### THE DATA
[Start of Attachment]
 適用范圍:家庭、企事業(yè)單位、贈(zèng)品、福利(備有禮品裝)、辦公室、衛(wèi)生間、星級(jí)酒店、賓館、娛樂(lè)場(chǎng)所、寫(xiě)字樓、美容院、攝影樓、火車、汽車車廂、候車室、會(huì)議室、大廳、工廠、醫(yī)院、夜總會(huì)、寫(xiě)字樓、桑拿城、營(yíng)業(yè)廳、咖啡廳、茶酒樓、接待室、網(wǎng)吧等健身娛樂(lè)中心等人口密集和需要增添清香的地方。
[End of Attachment]
[Start of Attachment]
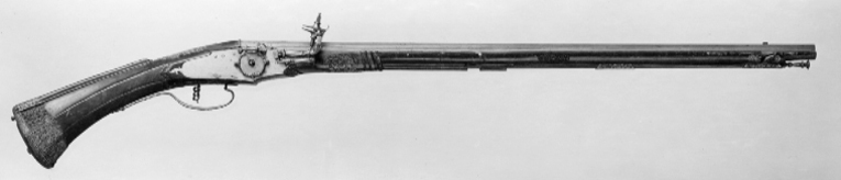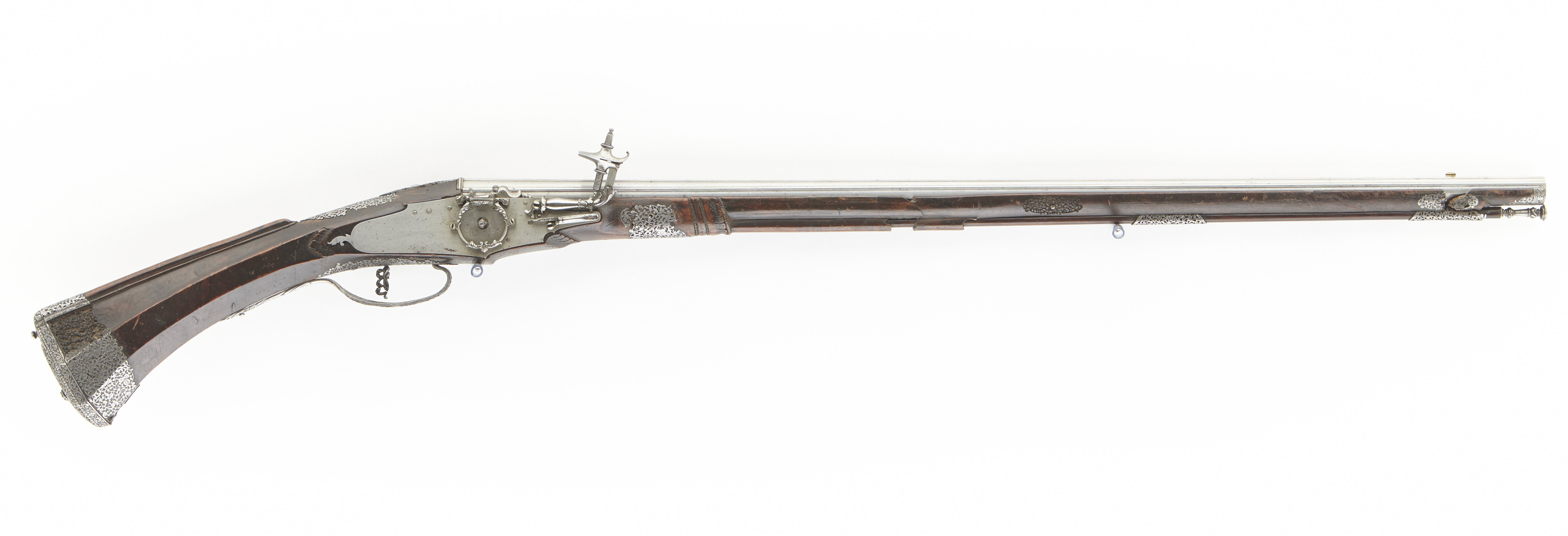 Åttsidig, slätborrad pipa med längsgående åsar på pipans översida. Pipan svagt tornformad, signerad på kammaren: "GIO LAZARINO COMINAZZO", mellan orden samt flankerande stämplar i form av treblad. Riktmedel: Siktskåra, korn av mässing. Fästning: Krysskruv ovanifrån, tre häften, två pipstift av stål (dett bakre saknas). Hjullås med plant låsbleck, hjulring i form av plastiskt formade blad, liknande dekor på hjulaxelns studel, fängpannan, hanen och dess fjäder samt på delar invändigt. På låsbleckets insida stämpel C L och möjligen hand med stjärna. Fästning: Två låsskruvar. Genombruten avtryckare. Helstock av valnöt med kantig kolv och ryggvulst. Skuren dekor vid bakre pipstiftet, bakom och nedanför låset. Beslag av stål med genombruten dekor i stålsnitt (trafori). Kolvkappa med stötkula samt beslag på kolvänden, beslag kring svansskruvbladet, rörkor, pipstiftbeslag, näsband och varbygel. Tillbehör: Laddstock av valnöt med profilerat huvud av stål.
[End of Attachment]
[Start of Attachment]
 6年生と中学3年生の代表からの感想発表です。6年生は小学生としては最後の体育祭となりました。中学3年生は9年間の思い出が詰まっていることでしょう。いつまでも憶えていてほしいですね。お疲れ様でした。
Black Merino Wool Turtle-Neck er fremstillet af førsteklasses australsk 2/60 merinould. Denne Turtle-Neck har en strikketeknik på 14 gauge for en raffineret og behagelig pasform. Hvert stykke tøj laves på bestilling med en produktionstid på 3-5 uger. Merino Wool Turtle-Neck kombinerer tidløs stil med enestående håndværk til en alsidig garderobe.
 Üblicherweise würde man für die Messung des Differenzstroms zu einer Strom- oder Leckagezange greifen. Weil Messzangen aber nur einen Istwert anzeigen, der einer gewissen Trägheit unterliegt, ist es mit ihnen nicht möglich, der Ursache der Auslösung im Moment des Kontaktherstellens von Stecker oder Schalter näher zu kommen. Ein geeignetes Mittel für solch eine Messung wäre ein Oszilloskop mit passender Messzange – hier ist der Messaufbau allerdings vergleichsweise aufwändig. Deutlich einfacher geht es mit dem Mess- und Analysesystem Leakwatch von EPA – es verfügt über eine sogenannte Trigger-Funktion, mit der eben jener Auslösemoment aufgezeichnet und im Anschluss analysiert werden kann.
[End of Attachment]
### GOAL OF THE EXERCISE
Give back exactly the lines of the listing above that run from the line with "6年生と中学3年生の代表から" to the line with "Black Merino Wool", inclusive.

### RESPONSE AREA
 6年生と中学3年生の代表からの感想発表です。6年生は小学生としては最後の体育祭となりました。中学3年生は9年間の思い出が詰まっていることでしょう。いつまでも憶えていてほしいですね。お疲れ様でした。
Black Merino Wool Turtle-Neck er fremstillet af førsteklasses australsk 2/60 merinould. Denne Turtle-Neck har en strikketeknik på 14 gauge for en raffineret og behagelig pasform. Hvert stykke tøj laves på bestilling med en produktionstid på 3-5 uger. Merino Wool Turtle-Neck kombinerer tidløs stil med enestående håndværk til en alsidig garderobe.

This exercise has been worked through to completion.